Prompt. Your copy of the data should match it exactly, except that the pictures are gone.

Dataset section.

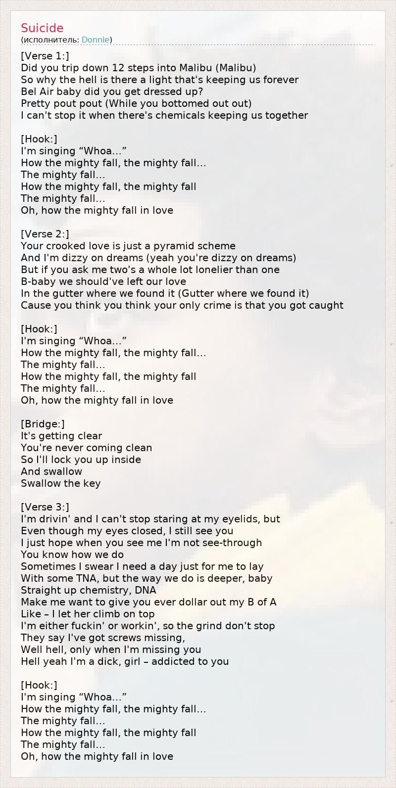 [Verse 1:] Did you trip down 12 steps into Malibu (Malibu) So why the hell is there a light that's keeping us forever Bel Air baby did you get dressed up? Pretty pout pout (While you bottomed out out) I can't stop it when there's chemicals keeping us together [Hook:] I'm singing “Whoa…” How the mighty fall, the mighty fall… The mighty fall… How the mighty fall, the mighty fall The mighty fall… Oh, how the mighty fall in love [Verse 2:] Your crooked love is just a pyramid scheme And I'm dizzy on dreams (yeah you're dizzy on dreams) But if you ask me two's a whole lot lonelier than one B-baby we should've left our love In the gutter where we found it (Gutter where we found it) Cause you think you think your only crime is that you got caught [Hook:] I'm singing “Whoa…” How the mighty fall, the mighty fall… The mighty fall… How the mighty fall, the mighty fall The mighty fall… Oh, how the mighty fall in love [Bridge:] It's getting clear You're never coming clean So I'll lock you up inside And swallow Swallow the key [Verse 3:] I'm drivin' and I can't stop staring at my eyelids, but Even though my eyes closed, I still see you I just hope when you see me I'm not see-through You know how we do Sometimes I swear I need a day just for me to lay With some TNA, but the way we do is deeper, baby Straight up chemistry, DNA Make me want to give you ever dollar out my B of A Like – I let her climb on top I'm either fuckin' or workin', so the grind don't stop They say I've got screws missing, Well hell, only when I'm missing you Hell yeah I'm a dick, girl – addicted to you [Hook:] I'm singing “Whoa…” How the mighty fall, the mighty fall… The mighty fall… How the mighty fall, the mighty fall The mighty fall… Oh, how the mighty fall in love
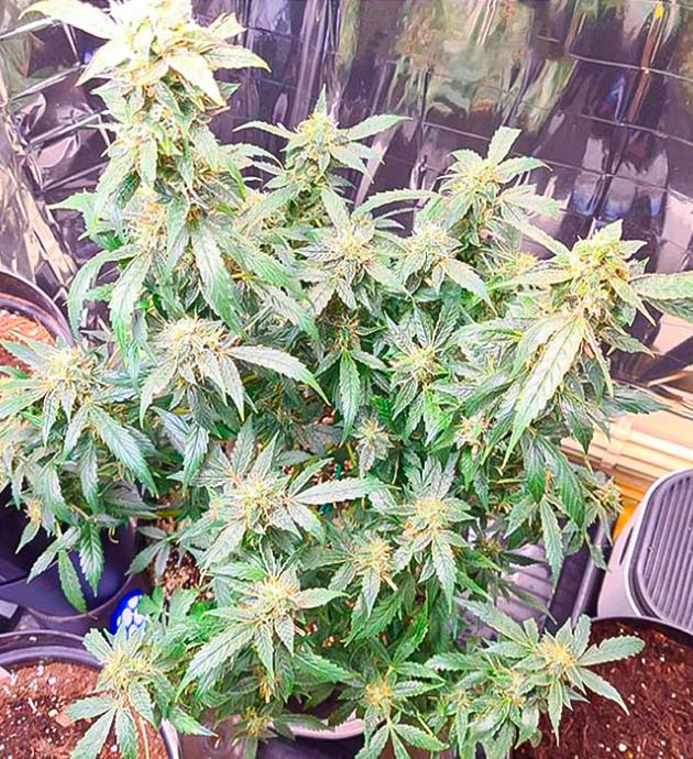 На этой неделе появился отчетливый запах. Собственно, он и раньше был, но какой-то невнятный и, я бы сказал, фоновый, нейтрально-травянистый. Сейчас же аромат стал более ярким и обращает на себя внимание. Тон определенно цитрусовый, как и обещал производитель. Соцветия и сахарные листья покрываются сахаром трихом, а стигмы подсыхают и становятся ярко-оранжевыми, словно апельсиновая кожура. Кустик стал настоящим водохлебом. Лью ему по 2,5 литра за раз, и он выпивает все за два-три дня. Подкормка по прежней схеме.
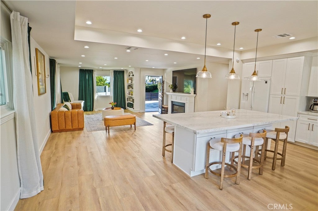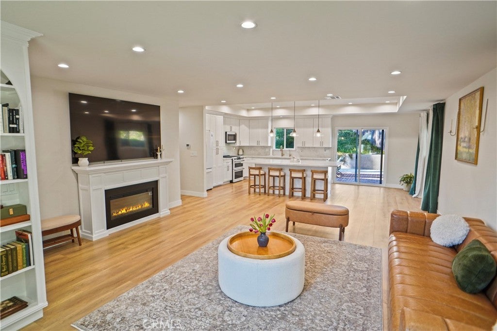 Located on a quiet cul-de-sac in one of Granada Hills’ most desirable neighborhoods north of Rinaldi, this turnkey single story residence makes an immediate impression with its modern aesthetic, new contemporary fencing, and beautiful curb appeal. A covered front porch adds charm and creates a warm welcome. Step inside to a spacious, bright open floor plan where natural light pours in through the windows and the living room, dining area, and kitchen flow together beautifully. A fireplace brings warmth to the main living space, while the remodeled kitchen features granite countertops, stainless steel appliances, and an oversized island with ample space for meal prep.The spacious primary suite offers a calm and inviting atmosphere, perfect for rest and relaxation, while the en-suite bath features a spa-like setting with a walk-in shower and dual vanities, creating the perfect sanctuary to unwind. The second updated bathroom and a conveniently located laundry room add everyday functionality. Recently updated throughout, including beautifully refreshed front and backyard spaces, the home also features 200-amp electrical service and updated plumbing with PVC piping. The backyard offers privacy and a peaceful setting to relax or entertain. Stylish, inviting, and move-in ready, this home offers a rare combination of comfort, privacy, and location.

Answer space.
 [Verse 1:] Did you trip down 12 steps into Malibu (Malibu) So why the hell is there a light that's keeping us forever Bel Air baby did you get dressed up? Pretty pout pout (While you bottomed out out) I can't stop it when there's chemicals keeping us together [Hook:] I'm singing “Whoa…” How the mighty fall, the mighty fall… The mighty fall… How the mighty fall, the mighty fall The mighty fall… Oh, how the mighty fall in love [Verse 2:] Your crooked love is just a pyramid scheme And I'm dizzy on dreams (yeah you're dizzy on dreams) But if you ask me two's a whole lot lonelier than one B-baby we should've left our love In the gutter where we found it (Gutter where we found it) Cause you think you think your only crime is that you got caught [Hook:] I'm singing “Whoa…” How the mighty fall, the mighty fall… The mighty fall… How the mighty fall, the mighty fall The mighty fall… Oh, how the mighty fall in love [Bridge:] It's getting clear You're never coming clean So I'll lock you up inside And swallow Swallow the key [Verse 3:] I'm drivin' and I can't stop staring at my eyelids, but Even though my eyes closed, I still see you I just hope when you see me I'm not see-through You know how we do Sometimes I swear I need a day just for me to lay With some TNA, but the way we do is deeper, baby Straight up chemistry, DNA Make me want to give you ever dollar out my B of A Like – I let her climb on top I'm either fuckin' or workin', so the grind don't stop They say I've got screws missing, Well hell, only when I'm missing you Hell yeah I'm a dick, girl – addicted to you [Hook:] I'm singing “Whoa…” How the mighty fall, the mighty fall… The mighty fall… How the mighty fall, the mighty fall The mighty fall… Oh, how the mighty fall in love
 На этой неделе появился отчетливый запах. Собственно, он и раньше был, но какой-то невнятный и, я бы сказал, фоновый, нейтрально-травянистый. Сейчас же аромат стал более ярким и обращает на себя внимание. Тон определенно цитрусовый, как и обещал производитель. Соцветия и сахарные листья покрываются сахаром трихом, а стигмы подсыхают и становятся ярко-оранжевыми, словно апельсиновая кожура. Кустик стал настоящим водохлебом. Лью ему по 2,5 литра за раз, и он выпивает все за два-три дня. Подкормка по прежней схеме.
 Located on a quiet cul-de-sac in one of Granada Hills’ most desirable neighborhoods north of Rinaldi, this turnkey single story residence makes an immediate impression with its modern aesthetic, new contemporary fencing, and beautiful curb appeal. A covered front porch adds charm and creates a warm welcome. Step inside to a spacious, bright open floor plan where natural light pours in through the windows and the living room, dining area, and kitchen flow together beautifully. A fireplace brings warmth to the main living space, while the remodeled kitchen features granite countertops, stainless steel appliances, and an oversized island with ample space for meal prep.The spacious primary suite offers a calm and inviting atmosphere, perfect for rest and relaxation, while the en-suite bath features a spa-like setting with a walk-in shower and dual vanities, creating the perfect sanctuary to unwind. The second updated bathroom and a conveniently located laundry room add everyday functionality. Recently updated throughout, including beautifully refreshed front and backyard spaces, the home also features 200-amp electrical service and updated plumbing with PVC piping. The backyard offers privacy and a peaceful setting to relax or entertain. Stylish, inviting, and move-in ready, this home offers a rare combination of comfort, privacy, and location.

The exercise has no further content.